# Household cleaners



## Cheleya (May 21, 2016)

Hi all,

Which cleaners can be used around birds? Petal is in our kitchen/living room area (we wheel him around)and so far we've been using vinegar and water and elbow grease. I'm a clean freak and like to disinfect things particularly in the kitchen and bathrooms. 

We have been using Windex in bathrooms upstairs and closing the doors after cleaning. What about windows? 
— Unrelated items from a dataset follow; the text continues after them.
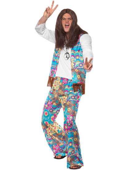 Look totally groovy in our Groovy Hippie Costume. This male sixties fancy dress costume includes a top with attached waistcoat, trousers and headband. This fancy dress costume will have swinging back to the sixties in no time!
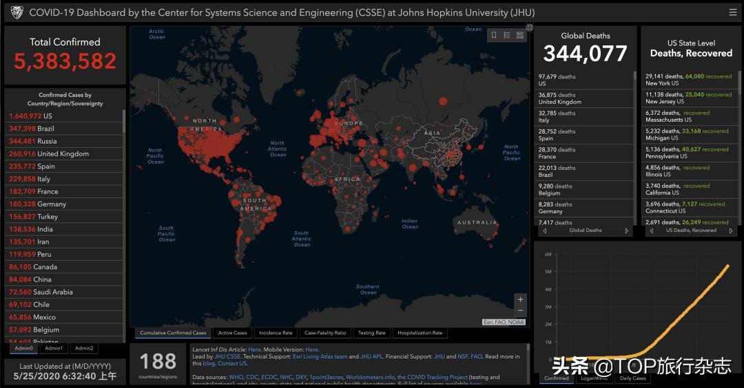据约翰斯·霍普金斯大学的实时数据,截至北京时间5月25日6时32分左右,全球累计确诊超538万,为5383582例;累计死亡超34万,达344077例。
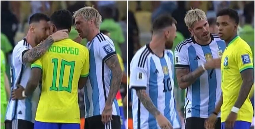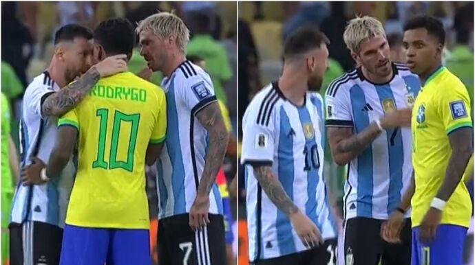 La colleja de Leo Messi a Rodrygo durante los disturbios previos al Brasil - Argentina

What's safe? I will buy it if it's available or make a solution...whatever it takes. I don't want to worry. 

Thanks!
Cheley


----------



## Clappaz (Sep 15, 2015)

Cheleya said:


> Hi all,
> 
> Which cleaners can be used around birds? Petal is in our kitchen/living room area (we wheel him around)and so far we've been using vinegar and water and elbow grease. I'm a clean freak and like to disinfect things particularly in the kitchen and bathrooms.
> 
> ...


The cleaning products I use around my birds are very few, but they get every job done:
◦Mild dishwashing liquid: Sometimes I feel things needs a good, old fashioned scrub down with soap and water. I wash cages, toys and perches safely with a small amount of Dawn.
◦White distilled vinegar and water: I use a cup or two per gallon of water. This cleans everything from cages to mirrors. I use this solution and soapy water, as above, as my main general house cleaners.
◦Steam: If you have a bird that manages to get food into toy and cage crevices, this is a great method of cleaning. The hot steam gets into places that can't always be reached with cleaning tools. It's perfect for cleaning playgyms and porous perches. It kills mold and fungus too. There are hand held models available at some online bird stores. Never use anything but water in your steamer.
◦Laundry detergent: I know a lot of you have birds that play with towels, under sheets or are always in contact with your clothes. Some even help do the laundry. I use Tide, but in lesser amounts that is suggested because I want to be sure that any residue is removed in the rinse cycle. I clean my bird's cage covers with this, and if you read my last post, you know that the cage cover spends a lot of time in Linus' mouth. Don't use fabric softener sheets, like Bounce, with fabrics your bird will come in contact with.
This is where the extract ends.